Background: Evaluating the performance of the available machine learning software is fundamental to ensure trustworthiness and improve automated diagnosis. This study compared the diagnostic accuracy of artificial intelligence (AI) system reporting with human readers for portable chest anteroposterior (AP) x-rays acquired patients in a semi-recumbent position. Methods: Ninety-four patients who underwent portable chest AP with clinical suspicion or confirmed COVID-19 were included in the study; among them, 65 were COVID-19 positive and 29 had symptoms. High-resolution computed tomography (HRCT) Chest was available for 39 patients. Images were read by two radiologists (R1, R2) and AI. In case of disagreement between R1 and R2, a third radiologist (R3) read the images; however, if HRCT Chest was available, we counted HRCT Chest instead of R3. Thus, the gold standard was HRCT or R1 = R2, R1 = R3, or R2 = R3. Results: The sensitivity of the AI system in detecting pleural effusion and consolidation was 100% and 91.3%, respectively.
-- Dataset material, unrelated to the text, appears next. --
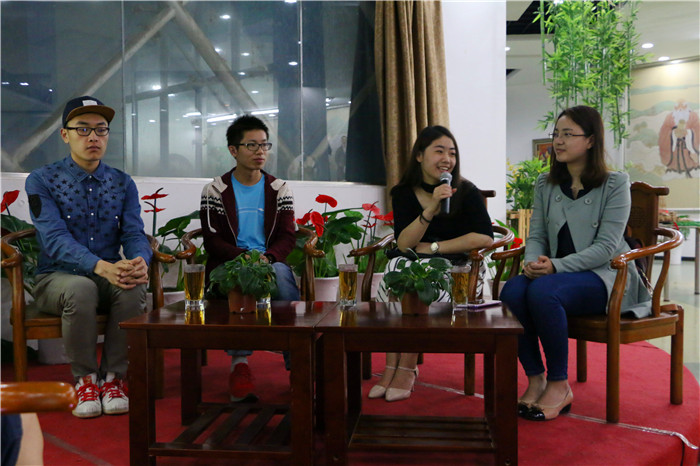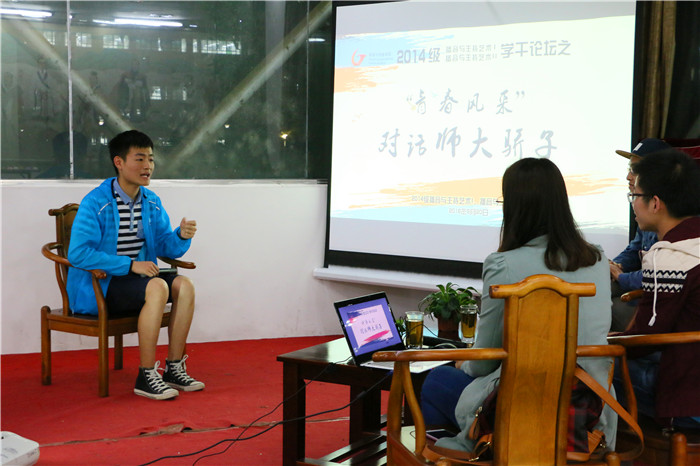 本网讯(新闻与传播学院)5月20日晚,新传学院2014级本科生党支部和班级联合开展的“学干论坛”之青春风采·对话师大骄子活动在敬文图书馆大益爱心茶室举行。本次活动是由2014级本科生党支部落实学院“两学一做”学习教育行动方案中关于“新传先锋”优秀党员风采事迹报告会的具体行动。本次活动邀请了学校“师大骄子”第十二届十佳大学生获得者2013级体育表演专业黄海洋、2012级社会学专业宋一墨、2013级自动化专业李改有和2012级播音与主持艺术专业余梦雅同学担任主讲嘉宾。

The specificity of the AI system in detecting pleural effusion and lung consolidation was 84% and 61%, respectively. Nevertheless, there is no good agreement between the gold standard and AI in the case of other chest pathologies. Conclusion: Significant moderate agreement with AI and gold standard was shown for pleural effusion and consolidation. There was no significant agreement between the gold standard and AI in the case of the widened mediastinum, collapse, and other pathologies. However, future studies with large sample sizes, multicentric with multiple clinical indications, and radiographic views are recommended.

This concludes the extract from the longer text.